記事のポイント
- アマゾン熱帯雨林を共有する南米8カ国が「ベレン宣言」を採択
- アマゾンの包括的な森林保護対策を進める連携枠組みだ
- 2030年までに森林破壊をゼロにするという共通目標の設定には至らなかった
アマゾン熱帯雨林を共有する南米8カ国は8月8日、包括的な森林保護対策を進める連携枠組み「ベレン宣言」を採択した。アマゾンが「回帰不能点」に達するのを防ぐために、森林保全や先住民族の権利保障など、113の目標と原則を定めた。しかし、2030年までに森林破壊をゼロにするという共通目標を設定するには至らなかった。(オルタナ副編集長=吉田広子)

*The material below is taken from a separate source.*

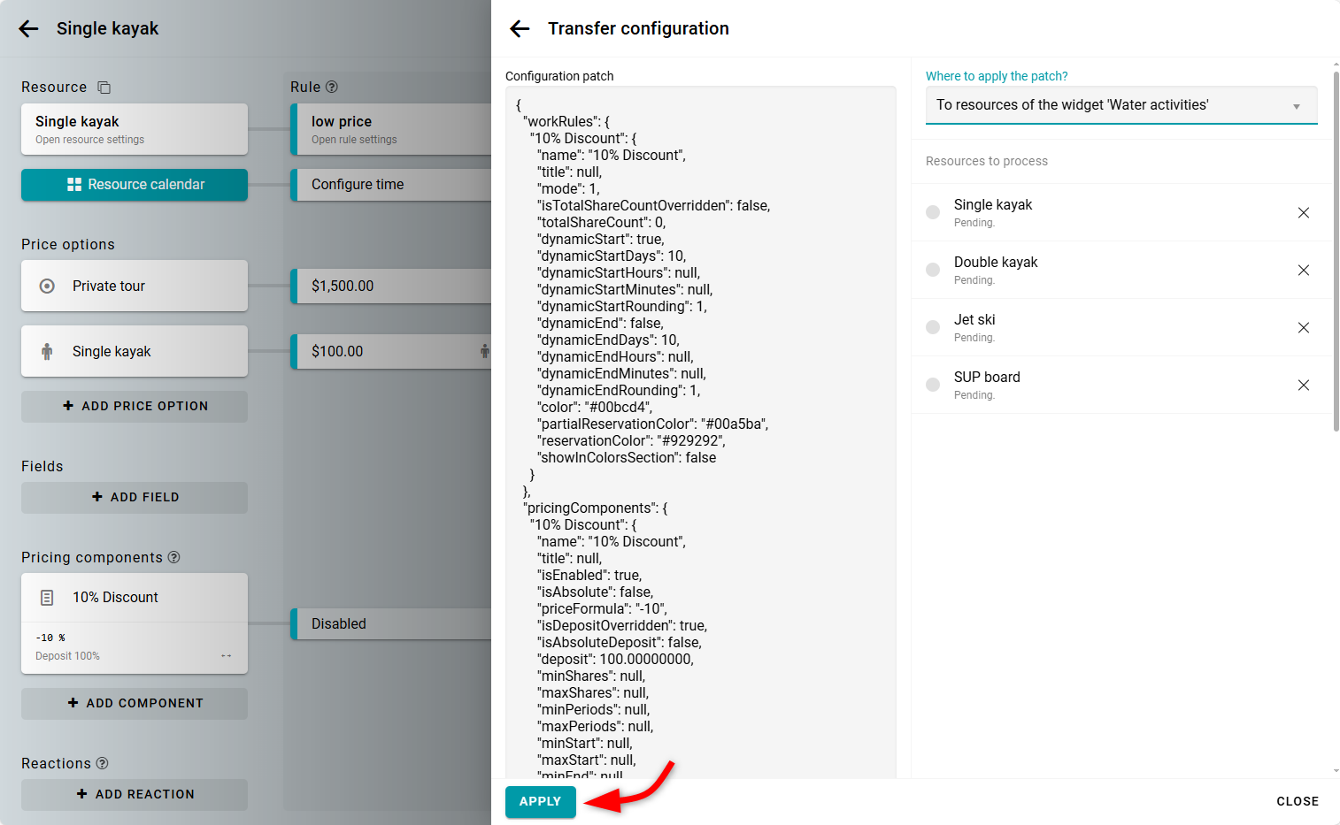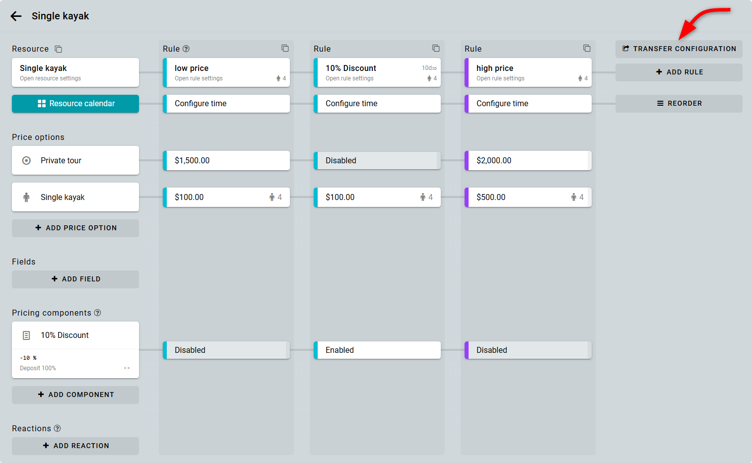 Para transferir la configuración, abre el recurso donde ya tienes configurada la configuración deseada. Haz clic en el botón Transferir configuración en la esquina superior derecha.

ベレン宣言は、ラジル北部ベレンで開かれた首脳会議で採択された。ブラジル、ボリビア、コロンビア、エクアドル、ガイアナ、ペルー、スリナム、ベネズエラの首脳が参加した。
アマゾンの熱帯雨林破壊は急速に進んでいる。ブラジル国立宇宙研究所は、2021年8月から2022年7月の1年間で、1万1568平方キロメートルの熱帯雨林が消失したとの推計を発表。WWF(世界自然保護基金)は、アマゾン流域の 17%で森林伐採が進み、回復力を失い、「回帰不能点が近づいている」と報告した。
ブラジルはアマゾンの6割を有する。1月に就任したルイス・イナシオ・ルラ・ダ・シルヴァ・ブラジル大統領は、2030年までに森林伐採や森林開拓を終わらせると公約した。ブラジルでの森林伐採は減少傾向にあるものの、依然として熱帯雨林は失われ続けている。
ルラ大統領は、2030年までに森林破壊を終わらせることを8カ国の共通目標にしようと首脳会議で呼びかけていたが、合意には至らなかった。
米シンクタンク国際環境法センター(CIEL、本部ワシントン DC)は9日に声明を発表。原生林を土地転用にさせる工業的農業や石油採掘産業に対するプレッシャーがないこと、先住民族の権利を脅かしている状況に対して、懸念を示した。